Hooo , Entonces sube el esquema y vemos en que te podemos ayudar. ¿Qué materia es, y qué carrera cursas dijiste? Saludos!


----------



## pep90 (Oct 13, 2012)

Mecatrónica, la materia es Taller De Investigación, la idea es realizar alguna actividad que este relacionada con la carrera. Para poder hacer un esquema necesito más información, pero la idea es automatizar varios aires acondicionados con un PLC.


----------



## obeja22 (Oct 14, 2012)

pep90 dijo:


> Mecatrónica, la materia es Taller De Investigación, la idea es realizar alguna actividad que este relacionada con la carrera. Para poder hacer un esquema necesito más información, pero la idea es automatizar varios aires acondicionados con un PLC.

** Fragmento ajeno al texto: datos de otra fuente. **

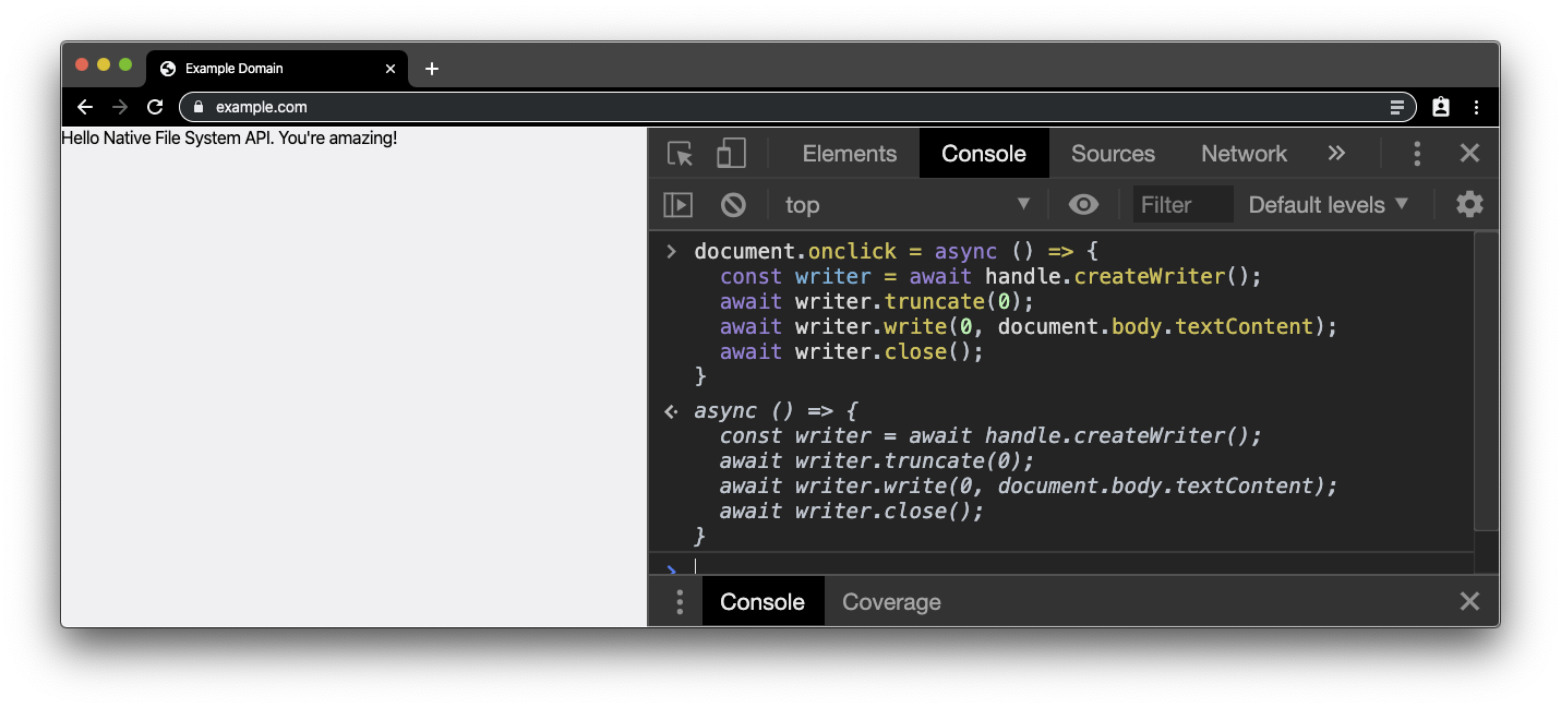 Native File System API 的「Hello, world」是用於讀取本機檔案並取得檔案內容。建立純文字 .txt 檔案並輸入一些文字。接下來,瀏覽至任何安全網站 (例如透過 HTTPS 提供服務的網站),例如 example.com 並開啟 DevTools 主控台。在主控台中貼上下方的程式碼片段。由於 Native File System API 需要使用者手勢,因此我們會在文件中附加 DoubleClick Search 處理常式。稍後我們將處理這個檔案處理,因此將其成為全域變數。

Precisamente información es lo que necesitamos de parte tuya, pero bueno leete este tema:

http://cache.automation.siemens.com/dnl/jg1Mzg1AAAA_19625761_HB/logo_s_09_99.pdf

En la página 132 del PDF, viene un ejemplo que te puede servir. Más por ti no puedo hacer, saludos!


----------



## pep90 (Nov 27, 2012)

Ahorita lo que necesito es saber, es que necesito para conectar un PLC 230RC siemens a un aire acondicionado LG para que encienda a determinada hora, suponiendo que el PLC envia la señal al aire para que encienda, debe haber un interruptor o se conecta directamente, y a que parte del aire acondicionado y a cual del PLC deben conectarse ambos.
Por cierto para esto se necesitan actuadores, sensores ¿o van directamente conectados?


----------



## miguelcaro (Abr 8, 2014)

necesito ayuda, tambien are un proyecto. se trata de un sistema con aire acondicionado que sea activado por sensores de movimiento. alguien puede ayudarme?


----------



## fen2006 (Abr 9, 2014)

pep90 dijo:


> Ahorita lo que necesito es saber, es que necesito para conectar un PLC 230RC siemens a un aire acondicionado LG para que encienda a determinada hora, suponiendo que el PLC envia la señal al aire para que encienda, debe haber un interruptor o se conecta directamente, y a que parte del aire acondicionado y a cual del PLC deben conectarse ambos.
> Por cierto para esto se necesitan actuadores, sensores ¿o van directamente conectados?


el plc tiene que tener salidas a rele y tienes que sacar el contacto de star para el plc


----------